How will Ferdinand "Bongbong" Marcos Jr. taking power in the Philippines change U.S. relations?
Manila — After winning an overwhelming mandate of more than 30 million votes in Monday's election, Ferdinand "Bongbong" Marcos Jr. is the de-facto president-elect of the Philippines. His victory marks his family's stunning return to power 36 years after they were forced into exile in the United States by a people-power revolution.
The U.S. was an ally to his father, the late dictator Ferdinand Marcos, for most of his two-decade rule, half of which the nation spent under brutal Martial Law. But Bongbong, the younger Marcos who's known almost ubiquitously by his childhood nickname, will take office facing a U.S. court's contempt order for violating a previous court order instructing him to pay human rights victims around $2 billion of the wealth his family plundered from their country.
Bongbong refused to answer questions about the contempt judgment handed down by a Hawaii court in 2011 throughout his campaign, and has continued to do so since clinching the presidency.
On Thursday, President Joe Biden congratulated Marcos Jr. in a phone call, the White House said.
"President Biden underscored that he looks forward to working with the President-elect to continue strengthening the U.S.-Philippine Alliance, while expanding bilateral cooperation on a wide range of issues," according to a White House readout of the call.
Aries Arugay, a political scientist who is currently a visiting fellow at the ISEAS-Yusolf Ishak Institute in Singapore, told CBS News that the court order against Bongbong will likely remain a relatively small stain on an otherwise clean slate.
"This is something that I think can be dealt with at the level of the State Department," Arugay said. "I think the U.S. wanted to start with a symbolic gesture of seriously making the alliance work, and enhancing it post-Duterte."
Outgoing president Rodrigo Duterte, who's daughter will be Bongbong's Vice President, pivoted the Philippines' foreign policy early in his term from being close to the U.S., toward China. At times Duterte attacked the U.S. with his trademark brash rhetoric in hopes of attracting more investments and scoring more aid from Beijing, but most of the pledges have not materialized.
Duterte even threatened to abrogate a longstanding Visiting Forces Agreement with the U.S., but ultimately decided to leave the defense pact unscathed. The Philippines is the United States' oldest treaty ally in Asia.
While he has not discussed specifics of his foreign policy, Bongbong has been quoted as saying he will foster closer ties with China. Some outlets have even quoted him as saying he could set aside a 2016 international ruling invaliding China's expansive claims in the South China Sea, because "China did not recognize it."

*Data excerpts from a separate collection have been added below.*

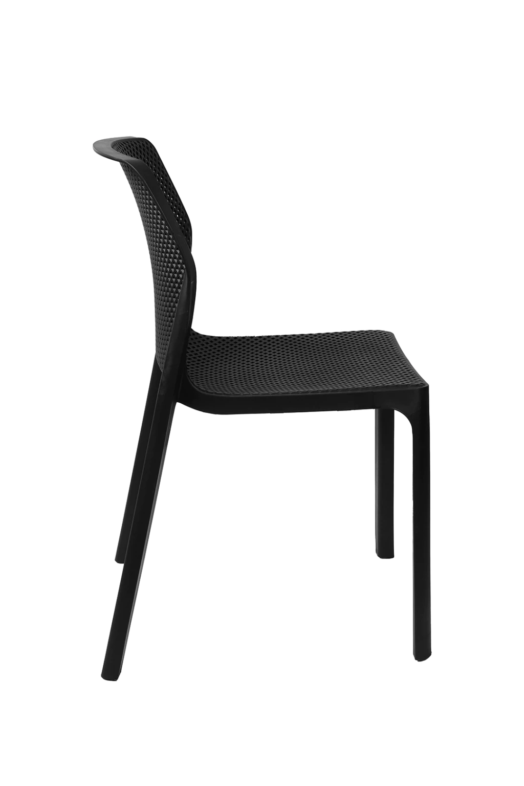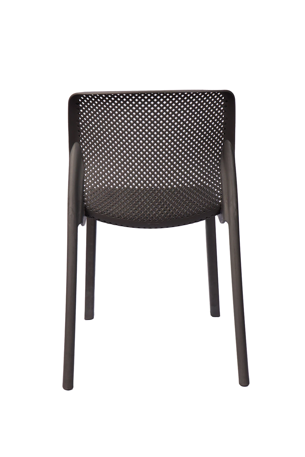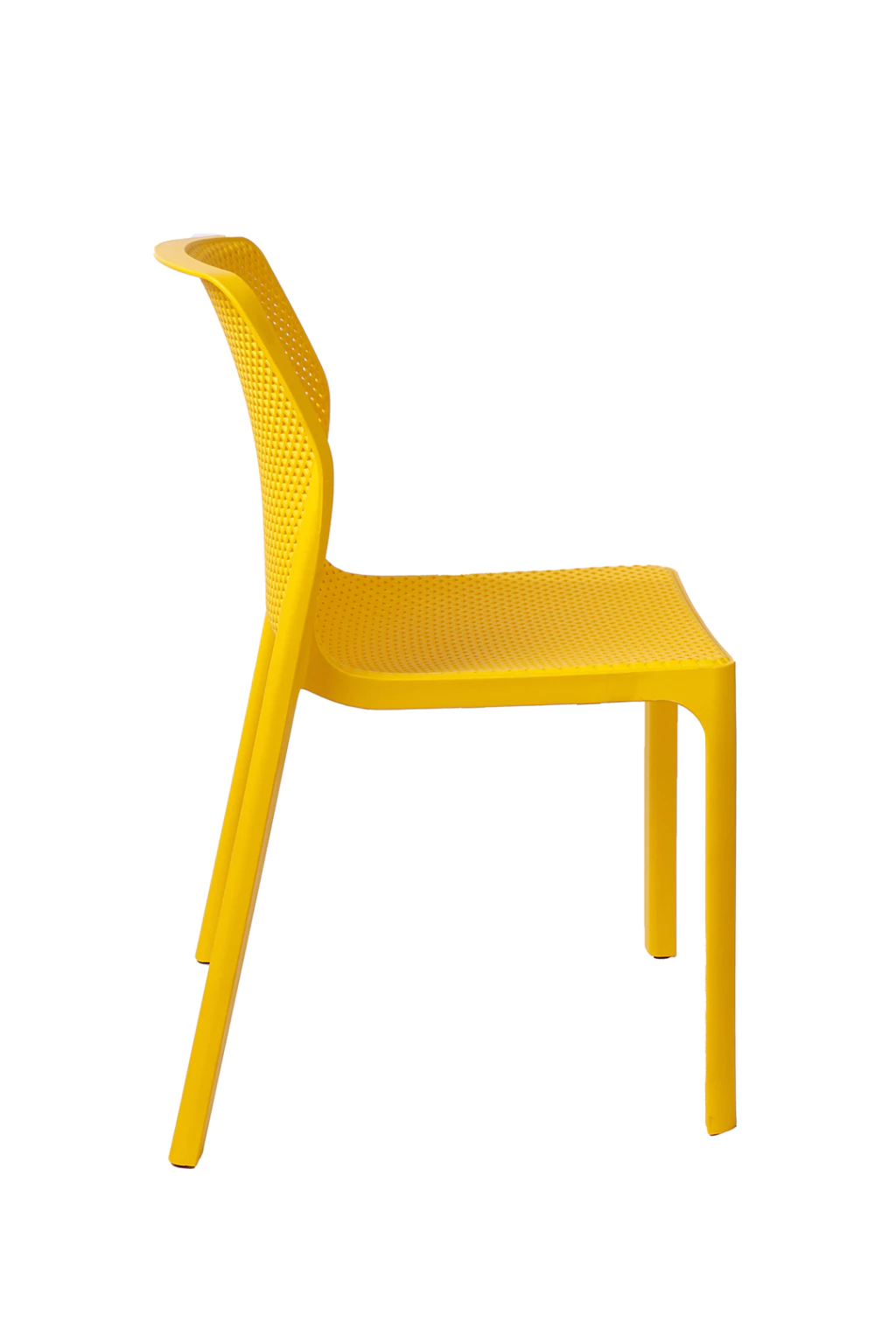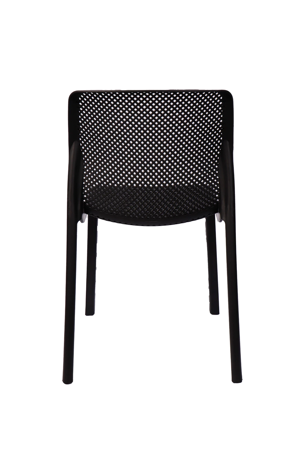 Design italiano contemporâneo, encosto vazado ergonômico e empilhamento prático.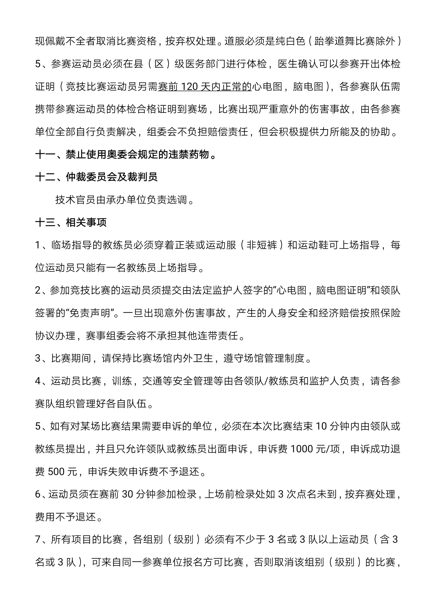 (一)仲裁委员会组成和职责范围按国家体育总局制定的《仲裁委员会条例》执行;(二)申诉程序和规定:比赛结束后 10 分钟内提交申诉报告和申诉录像(必须清晰可见),交纳申诉费人民币 1000 元,申诉成功退还一半申诉费,申诉失败没收全部申诉费;(三)技术代表、仲裁委员、裁判长及裁判员由主办方选派。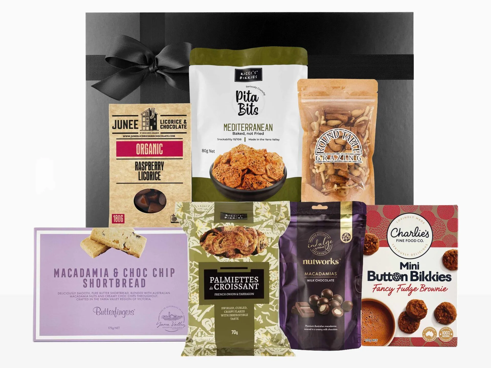 The Gourmet Bites Hamper offers a delicious balance of indulgent flavours and satisfying textures. Whether you’re gifting a foodie or treating yourself, this collection brings variety, quality, and enjoyment to every bite.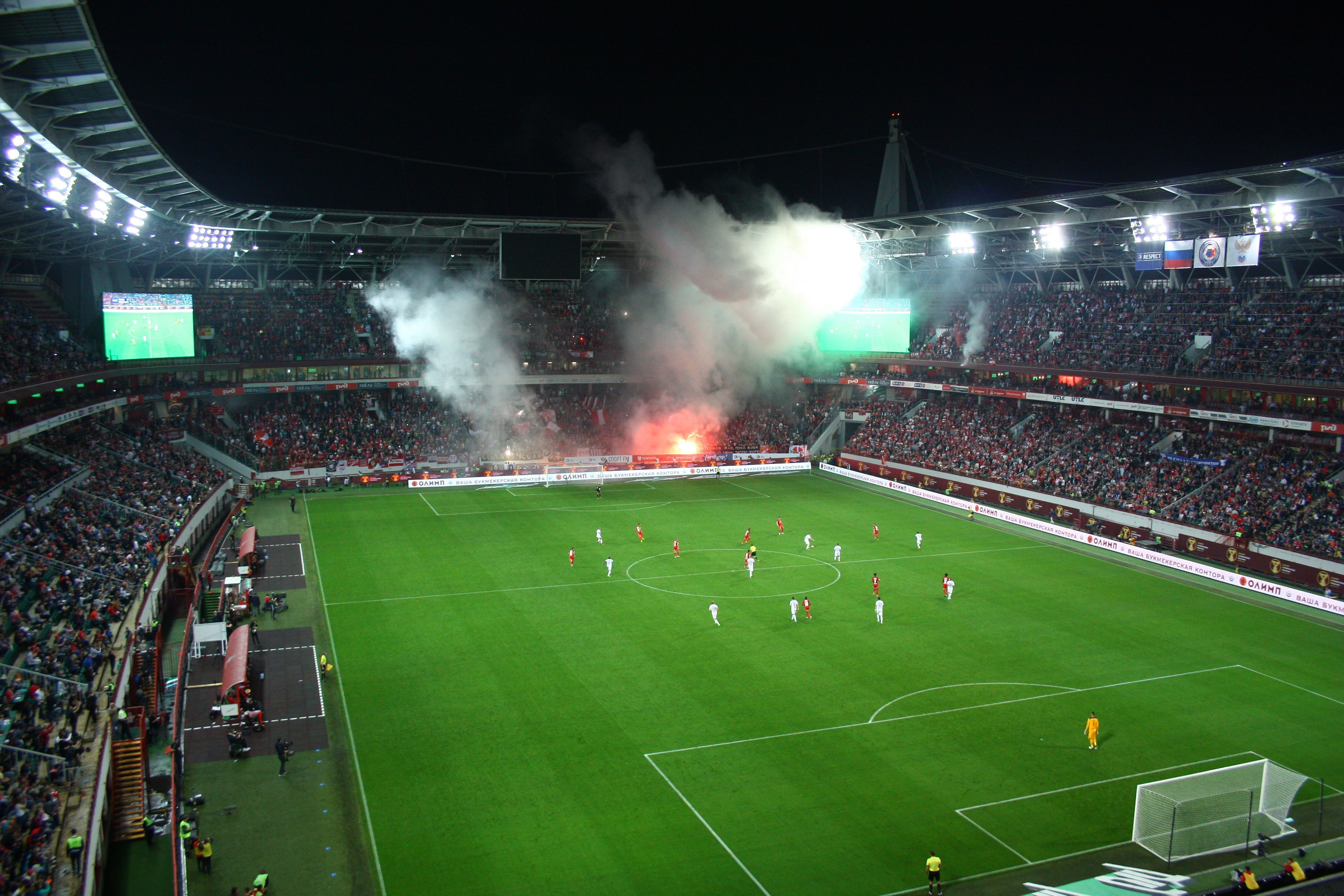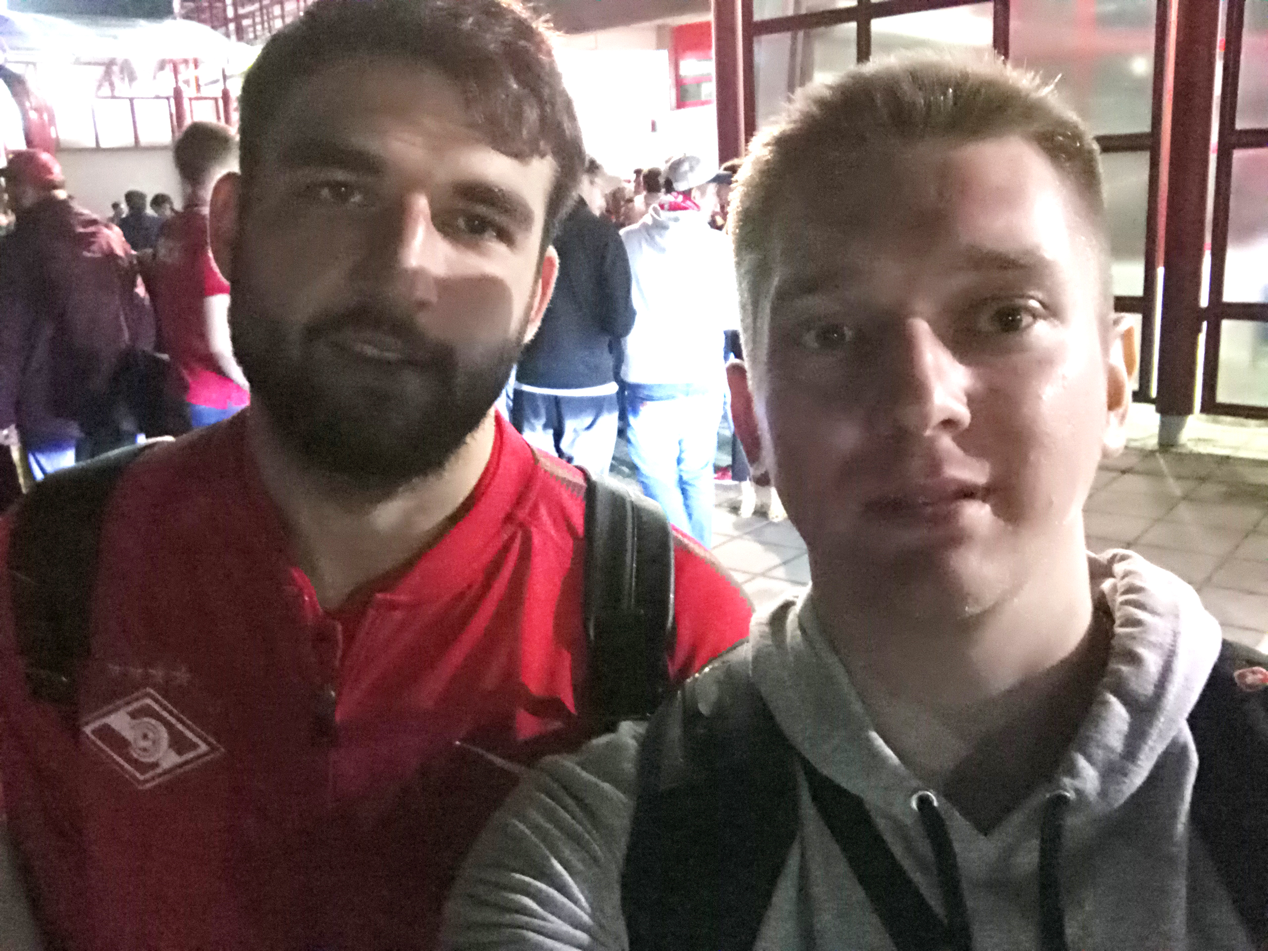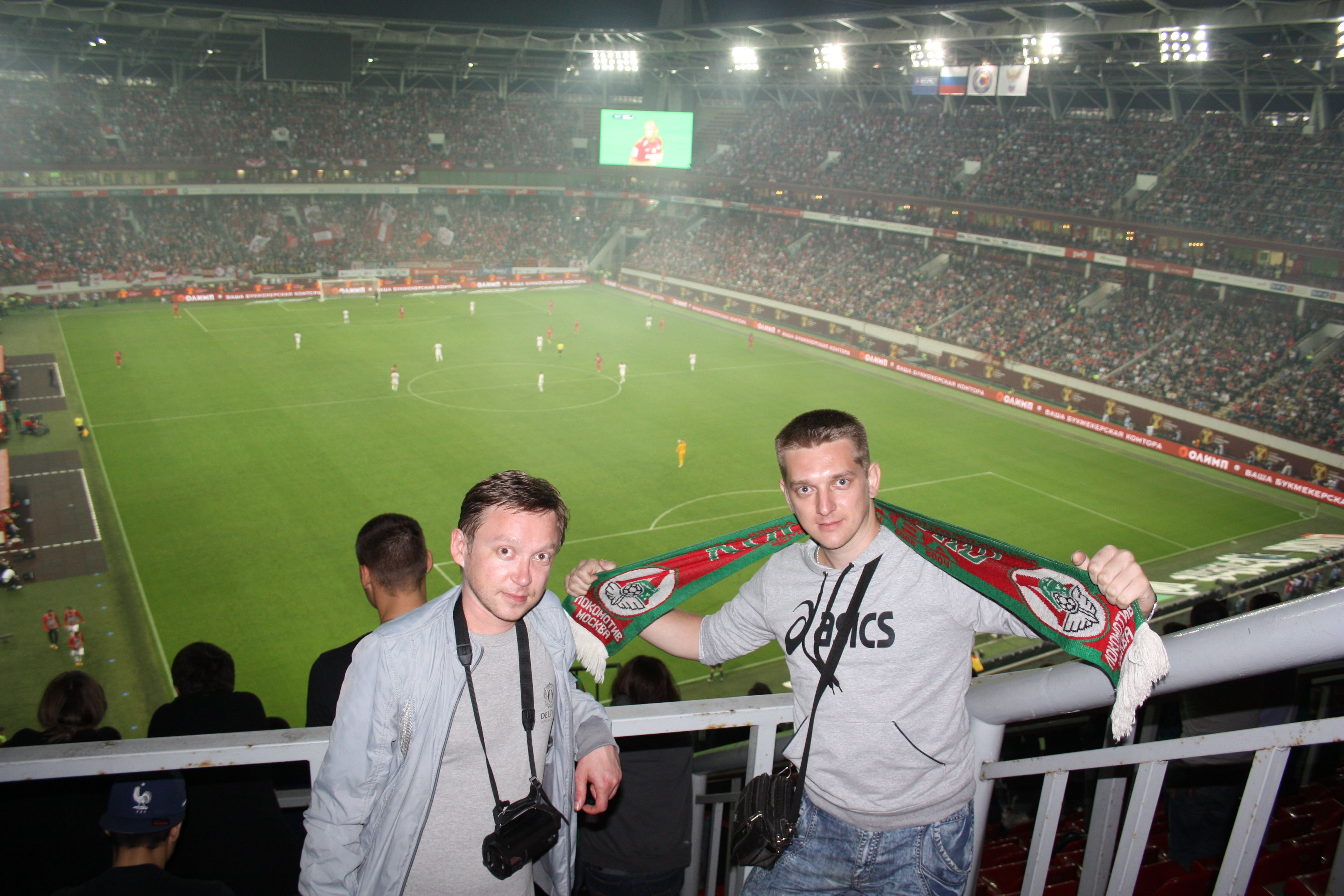 Нагулявшись по столице нашей Родины, мы прибыли на стадион «Локомотив». Здесь царила приятная обстановка. Болельщики шли на трибуны занимать свои места. Не было ни стычек, ни конфликтов. Одни из болельщиков «Спартака» увидели, что мы идём вдвоём и у нас шарфы разных клубов. Они нас поприветствовали и сказали, что мы – настоящие друзья.

Many believe he will seek to forge a bilateral agreement with China to settle those territorial differences.
"If you let the U.S. come in, you make China your enemy," he told local radio station DZRH. "I think we can come to an agreement (with China). As a matter of fact, people from the Chinese embassy are my friends. We have been talking about that."
Chinese President Xi Jinping sent a congratulatory message on Thursday through the embassy in Manila.
"China and the Philippines are neighbors facing each other across the sea and partners through thick and thin," Xi said in the message. "In recent years, with the joint efforts of both sides, the bilateral relations have been consolidated and enhanced, bringing benefits to the people of both countries and contributing to regional peace and stability."
But the tension over the territorial disputes at sea has not gone away. Filpino fishermen continue having to deal with an aggressive Chinese Coast Guard and maritime militia, and Chinese incursions into Philippine waters have triggered dozens of diplomatic protests.
Analysts expect Marcos Jr. to try to maintain a delicate balancing act.
"For pragmatic reasons, I expect the Marcos Jr. administration to keep the two sides offering not just signals of goodwill, but also practical benefits," Jaime FlorCruz, a veteran Asia analyst and CNN's former Beijing bureau chief, told CBS News. "For example, the Marcos Jr. administration may try to renegotiate the Mutual Defense Treaty [with the U.S.] and try to maximize benefits from such a treaty."
One thing the Biden administration may be watching closely – especially after the tumultuous years under Duterte - is how the new Philippine leadership will uphold democracy and human rights.
Marcos Jr. and his communications and security teams have ignored and harassed mainstream journalists, and he's suggested altering sections in the country's school textbooks on the Martial Law period during his father's rule.